TSV Großbardorf
- Full name: Turn- und Sportverein 1923 Grossbardorf e.V.
- Nickname: Gallier (Gauls)
- Founded: 1923
- Ground: Westphalen-Stadion
- Capacity: 3,500
- Chairman: Lothar Behr
- Manager: Robin Keiner
- League: Bayernliga Nord (V)
- 2025–26: Landesliga Bayern-Nordwest, 2nd of 18 (promoted)
| Home colours | Away colours |

= TSV Großbardorf =

German football club

TSV Großbardorf is a German association football club from the city of Großbardorf, Bavaria. The footballers are part of a 602 member sports club that also has departments for bowling and table tennis.

==History==

Logo of TSV Großbardorf until 2013.

The club made its first appearance in the Landesliga Bayern-Nord (V) in 1993 where they became a competitive side after the turn of the millennium. Following a second-place result and a successful promotion playoff in 2003, Grossbardorf advanced to the Bayernliga (IV) where they played several seasons as a lower table side. They narrowly avoided relegation after a poor 15th-place finish in 2006–07.

The country's football competition was restructured in 2008 with the introduction of the new 3. Liga. TSV's performance markedly improved and they finished their 2007–08 campaign in fourth place, which advanced the side out of the now fifth tier Oberliga to the Regionalliga Süd (IV) for the 2008–09 season.
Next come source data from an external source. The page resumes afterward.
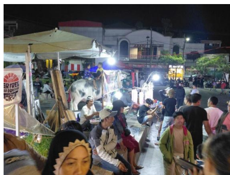
Gambar 4. Presentasi Peserta dalam Kompetisi Bisnis Kreatif

Kompetisi bisnis kreatif diselenggarakan untuk menilai inovasi, kreativitas, dan strategi pemasaran peserta secara komprehensif. Kegiatan ini membantu peserta mengidentifikasi kelebihan dan kekurangan usahanya, sekaligus menjadi motivasi untuk meningkatkan kualitas produk dan strategi bisnis. Dengan demikian, kompetisi ini mendorong terciptanya semangat inovasi dan daya saing usaha yang lebih tinggi.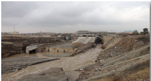
عکس (۳) : نمایی از تخریب کوله شرقی پل فتح در سیلاب آبان ماه ۱۳۹۱ (مهندسین مشاور سازه پردازی ایران - مردادماه ۱۳۹۲)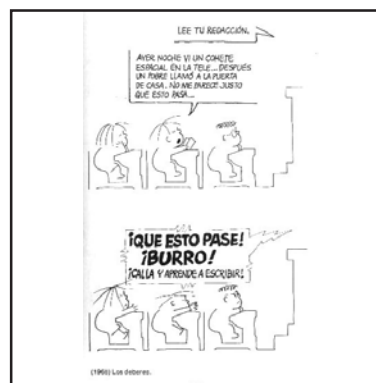
3. Problemas de redacción.

Con estas tres viñetas se plantean situaciones comunes en algunas prácticas "educativas" y "escolares". Por eso, aunque esta actividad está dirigida a los alumnos, puede servir también como reflexión para educadores.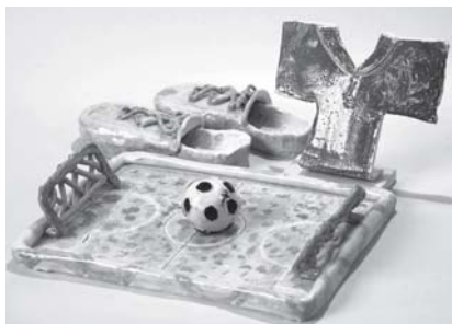
「めざせ世界」のストライカー A部門 文部科学大臣奨励賞

今回の作品で印象的だったのは、現在に目を向けたテーマを形にしたもので、2010ワールドカップやIT技術、さらには環境問題等、こども達が現実の情報や自分の夢をしっかりと表現していました。年々技術向上しているこども達の作品は、審査員のみなさんを驚かせていました。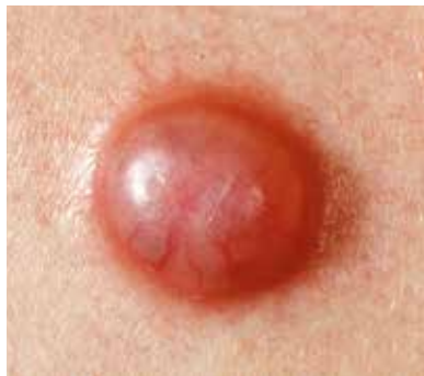
Unterschiedliche Erscheinungsformen von Basaliomen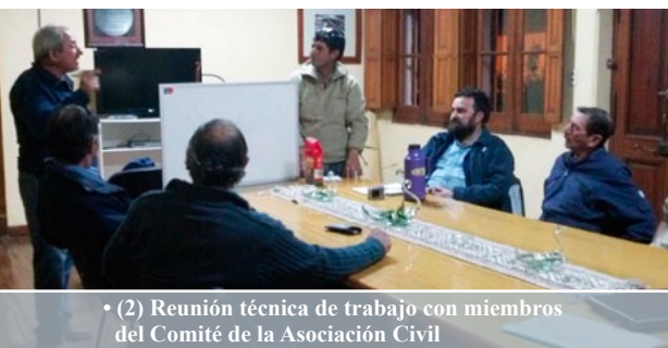
• (2) Reunión técnica de trabajo con miembros del Comité de la Asociación Civil

Mediante talleres y reuniones periódicas con los regantes se busca generar los consensos para la gestión participativa y formalizada del agua de riego. Se plantea dinamizar el proceso participativo, capacitar y asistir técnicamente con recursos humanos y logística desde su etapa inicial (consenso y formalización) como en su funcionamiento posterior. Estas actividades se realizan desde una red técnica interinstitucional: INTA, DPA Y SAF (Fotografía 2).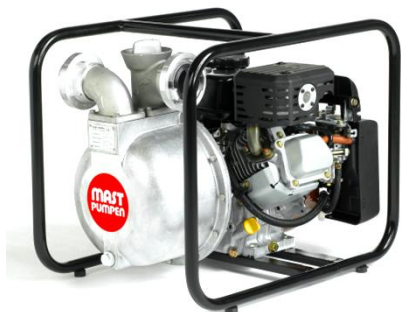
Förderhöhe H m (WS)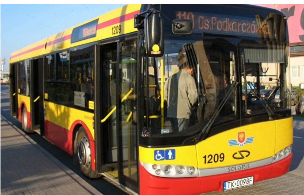
Старі автобуси до політичного скандалу Вінниці мали передати безкоштовно

Вживані 17-річні автобуси влада Кельце мала передати українському місту-побратиму безкоштовно. Однак місцеві праві депутати почали вимагати від Вінниці перейменувати вулицю Бандери, "аби по ній не їздили польські автобуси".

Due to Regionalliga legislations on stadium size, TSV Großbardorf had to move to Willy-Sachs-Stadion in Schweinfurt for its home games.
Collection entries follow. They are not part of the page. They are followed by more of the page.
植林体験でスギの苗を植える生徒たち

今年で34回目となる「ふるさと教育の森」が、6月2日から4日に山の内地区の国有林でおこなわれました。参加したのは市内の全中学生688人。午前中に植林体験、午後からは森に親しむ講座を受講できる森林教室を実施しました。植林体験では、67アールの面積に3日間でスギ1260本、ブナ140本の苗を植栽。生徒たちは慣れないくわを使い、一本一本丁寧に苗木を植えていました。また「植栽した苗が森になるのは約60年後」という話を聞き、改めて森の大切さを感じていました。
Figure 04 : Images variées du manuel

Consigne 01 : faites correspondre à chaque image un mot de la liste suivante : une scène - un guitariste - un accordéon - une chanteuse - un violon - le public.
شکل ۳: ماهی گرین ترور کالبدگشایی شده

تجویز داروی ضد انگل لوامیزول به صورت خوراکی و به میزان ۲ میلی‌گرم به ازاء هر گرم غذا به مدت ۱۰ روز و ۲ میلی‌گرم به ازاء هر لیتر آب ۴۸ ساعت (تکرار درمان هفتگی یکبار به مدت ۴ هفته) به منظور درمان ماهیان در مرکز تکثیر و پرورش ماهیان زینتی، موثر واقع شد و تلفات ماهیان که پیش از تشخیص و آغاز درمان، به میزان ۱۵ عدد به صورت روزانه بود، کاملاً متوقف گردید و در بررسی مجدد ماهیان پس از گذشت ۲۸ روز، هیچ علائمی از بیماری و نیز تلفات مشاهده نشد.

They lasted only a single season at this level, returning to the Bayernliga for 2009–10. At the end of the 2011–12 campaign, TSV qualified for the promotion round to the new Regionalliga Bayern (IV), but was knocked out by BC Aichach in the first round. The league was split into northern and southern divisions and the club is now part of the former.
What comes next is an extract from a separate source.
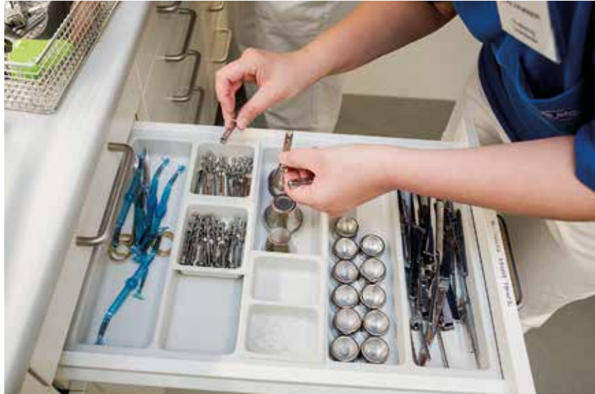
På kliniken i Hageby finns en mötesstruktur: varannan vecka är det tandsköterskemöte där man pratar om rutiner i exempelvis sterilen eller får information om nya material.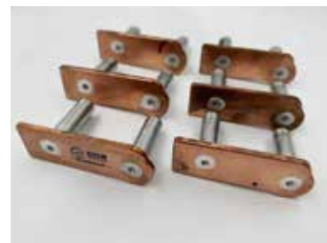
搅拌摩擦焊铜铝异种焊接

TSV Großbardorf finished third in the league in 2012–13 but qualified for the promotion round after second-placed Jahn Forchheim declined the opportunity. In the play-offs the team lost 8–4 on aggregate to Regionalliga side SpVgg Bayern Hof, mainly because of a humiliating 1–6 home defeat in the first leg. Before the start of the 2013–14 season the club unveiled a new logo and also announced that it had sold the naming rights to its stadium, renamed the Bioenergie-Arena. The current stadium name is Westphalen-Stadion.

==Honors==
The club's honours:

===League===
- Bezirksoberliga Unterfranken (VI)
  - Champions: 1996–97
- Landesliga Bayern-Nord (V)
  - Runners-up: 2002–03

===Cup===
- Unterfranken Cup
  - Winner: 2000

==Recent managers==
Recent managers of the club:

| Manager | Start | Finish |
|---|---|---|
| Erwin Albert | 1 July 1999 | 24 May 2007 |
| Dieter Kurth | 1 July 2007 | 30 June 2009 |
| Wolfgang Schmitt | 1 July 2009 | 24 April 2011 |
| Hansjürgen Ragati | 27 April 2011 | 30 June 2014 |
| Dominik Schönhöfer | 1 July 2014 | Present |

==Recent seasons==
The recent season-by-season performance of the club:

| Season | Division | Tier | Position |
| 1999–2000 | Landesliga Bayern-Nord | V | 8th |
| 2000–01 | Landesliga Bayern-Nord | 2nd |
| 2001–02 | Landesliga Bayern-Nord | 3rd |
| 2002–03 | Landesliga Bayern-Nord | 2nd ↑ |
| 2003–04 | Bayernliga | IV | 11th |
| 2004–05 | Bayernliga | 10th |
| 2005–06 | Bayernliga | 15th |
| 2006–07 | Bayernliga | 14th |
| 2007–08 | Bayernliga | 4th ↑ |
| 2008–09 | Regionalliga Süd | IV | 17th ↓ |
| 2009–10 | Bayernliga | V | 14th |
| 2010–11 | Bayernliga | 10th |
| 2011–12 | Bayernliga | 14th |
| 2012–13 | Bayernliga Nord | 3rd |
| 2013–14 | Bayernliga Nord | 6th |
| 2014–15 | Bayernliga Nord | 5th |
| 2015–16 | Bayernliga Nord | 4th |
| 2016–17 | Bayernliga Nord | 4th |
| 2017–18 | Bayernliga Nord | 8th |
| 2018–19 | Bayernliga Nord |  |

- With the introduction of the Bezirksoberligas in 1988 as the new fifth tier, below the Landesligas, all leagues below dropped one tier. With the introduction of the Regionalligas in 1994 and the 3. Liga in 2008 as the new third tier, below the 2. Bundesliga, all leagues below dropped one tier. With the establishment of the Regionalliga Bayern as the new fourth tier in Bavaria in 2012 the Bayernliga was split into a northern and a southern division, the number of Landesligas expanded from three to five and the Bezirksoberligas abolished. All leagues from the Bezirksligas onwards were elevated one tier.